In a track two process, Esalen got Yeltsin to meet President George H. W. Bush, former president Reagan and many other government and business leaders around the country. Perhaps more important, Yeltsin visited American supermarkets piled high with meats, produce and other products of what he had been taught by his political culture was a decrepit, failing capitalist system. Yeltsin suffered a major attack of cognitive dissonance. More simply, he saw that his country and its government was built on a foundation of lies, and when he returned to power--and in turn dismissed Gorbachev--he set out to deconstruct the foundation and the empire.

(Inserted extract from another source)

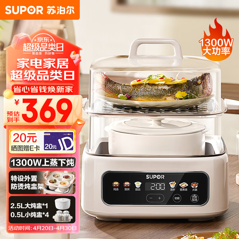 苏泊尔(SUPOR)电炖锅 电炖盅 隔水炖锅 家用煲汤锅电蒸锅17L上蒸下炖熬粥燕窝保温可预约炖汤锅 DZ20FC871价格:369.00元!

The Murphys and I visited some of our Russian friends in Moscow last September. Some of them were hurt by what they believed was American disinterest in them since they "lost" the Cold War. Others are angry about the "shock therapy" U.S. economists encouraged for the Russian economy that they believe caused the impoverishment of many Russians in today's free market. And Russians are very angry over the invasion of Iraq and the bombing of Serbia in the Kosovo war. One of our best and most disillusioned friends suggested that America might atone for its negative impact on Russia by helping restore some Orthodox churches. We responded by saying that U.S. governments rarely acknowledge the need for atonement. Then he described a project that he had started to heal the wounds between the descendants of Red and White factions in the Russian civil war after the Bolshevik revolution. The Esalen people are considering ways to recognize and help this act of intra-Russian mourning.
After all, they are our friends.
Joseph Montville is senior associate at the Center for Strategic and International Studies. He spent 23 years as a diplomat in the Middle East and North Africa. He has also held faculty appointments at Harvard and the University of Virginia Medical School for his work in political psychology.